As you have probably deduced, once customers discover I am a nurse, they organically begin sharing their health details and medical concerns that might otherwise only be discussed in a health care practitioner’s office. Their willingness to share their health concerns only makes me more determined to support their quest for wellness. I am motivated by meaning, not by money. Like every practicing nurse past and present, I feel a caring connection to these individuals who seek answers but have been left unfulfilled by Western medicine.
I ask myself, “What can’t CBD do for these individuals?”
In 2018, the World Health Organization found that no adverse health outcomes were associated with CBD, but that there are several medical applications for cannabidiol (Cannabidiol (CBD): Critical Review). Instead of ignoring this report that highlights the safety and efficacy of CBD, the question that needs to be answered is, “Why shouldn’t these individuals have the option to use CBD, where conventional medicine has failed them?”
I am a woman-owned business in the cannabis space. It took my life savings to open this store and the courage to believe that I possessed the capability for success in business. But at my core, I am a nurse – a professional health care provider – in this cannabis space, an even rarer occurrence. Although patients must obtain a medicinal cannabis recommendation from a professional health care provider (i.e., physician or nurse practitioner), most cannabis dispensaries are staffed by bud tenders and retail workers who have no advanced medical knowledge or experience. I am among a minority of women cannabis dispensary owners who own and operate a retail store completely managed by a sole, licensed, certified health care practitioner. This cannabis nurse is determined to make a difference, one individual at a time.
As I consider the four concepts that are the foundation of our nursing metaparadigm – environment, health, nursing, and person – I am privileged to offer my services as a nurse in a safe, relaxing environment. I am able to focus on one individual at a time and work with them to achieve their wellness goals while understanding their unique challenges to meeting those goals. I understand the health needs of my customers and my community. I opened my store in spite of our government’s attempt to disparage cannabis as medicine, in a time when it is most vitally needed. Florence Nightingale gave nurses to the world in hopes of making the world a better place through holistic, patient-centered care.

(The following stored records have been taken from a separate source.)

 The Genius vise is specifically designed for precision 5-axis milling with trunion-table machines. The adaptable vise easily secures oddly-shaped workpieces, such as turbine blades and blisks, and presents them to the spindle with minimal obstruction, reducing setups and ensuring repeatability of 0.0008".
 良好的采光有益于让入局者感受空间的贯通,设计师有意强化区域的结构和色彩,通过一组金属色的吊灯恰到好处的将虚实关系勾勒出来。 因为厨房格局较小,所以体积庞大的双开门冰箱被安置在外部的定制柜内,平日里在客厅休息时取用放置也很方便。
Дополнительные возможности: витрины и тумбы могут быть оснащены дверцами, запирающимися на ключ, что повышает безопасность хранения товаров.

Seeing the quagmire that nursing has become made me disillusioned with my choice of profession. However, when I made the daunting decision to step out of the predictable, heavily-regulated environments of education and health care, I believed a new era of nursing care was necessary. We must understand the medicinal properties of cannabis, and the only way to do that is to support its use in both research and practice.

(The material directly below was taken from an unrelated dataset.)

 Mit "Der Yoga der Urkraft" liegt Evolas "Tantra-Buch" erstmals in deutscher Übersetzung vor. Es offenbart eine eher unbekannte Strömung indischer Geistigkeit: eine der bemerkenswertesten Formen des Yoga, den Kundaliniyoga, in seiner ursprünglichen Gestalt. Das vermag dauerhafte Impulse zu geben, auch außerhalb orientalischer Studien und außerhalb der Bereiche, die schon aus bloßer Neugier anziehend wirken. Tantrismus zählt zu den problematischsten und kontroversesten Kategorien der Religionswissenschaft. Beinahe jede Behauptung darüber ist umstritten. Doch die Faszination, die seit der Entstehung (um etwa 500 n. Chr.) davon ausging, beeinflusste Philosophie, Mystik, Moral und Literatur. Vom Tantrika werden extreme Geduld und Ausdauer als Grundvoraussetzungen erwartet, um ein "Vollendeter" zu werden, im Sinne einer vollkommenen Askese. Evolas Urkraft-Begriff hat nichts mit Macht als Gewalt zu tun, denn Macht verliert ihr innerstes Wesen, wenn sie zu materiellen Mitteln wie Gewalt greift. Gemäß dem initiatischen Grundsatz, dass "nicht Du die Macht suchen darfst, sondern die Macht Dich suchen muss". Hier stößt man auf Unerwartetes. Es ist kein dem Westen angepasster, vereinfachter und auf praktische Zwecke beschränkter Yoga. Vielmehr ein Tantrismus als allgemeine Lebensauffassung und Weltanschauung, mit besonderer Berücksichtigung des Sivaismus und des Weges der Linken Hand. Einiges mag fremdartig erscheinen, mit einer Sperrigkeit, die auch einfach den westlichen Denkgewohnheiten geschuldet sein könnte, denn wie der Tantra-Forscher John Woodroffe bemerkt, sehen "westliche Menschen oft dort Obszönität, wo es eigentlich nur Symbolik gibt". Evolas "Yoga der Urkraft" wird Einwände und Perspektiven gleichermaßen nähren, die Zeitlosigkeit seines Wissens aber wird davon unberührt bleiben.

I am a cannabis nurse, a renegade in my profession. I will continue to place the health of my customers and my community over profits and restrictive regulations. I like to imagine that Flo would be proud of my efforts to provide holistic, patient-centered care to my community through the use of a natural, well-researched plant. After all, Nightingale is recognized as one of the most prominent statisticians in history. The statistics in this case all point to one outcome: cannabis is medicine, and my community now has a healthier option for well-being.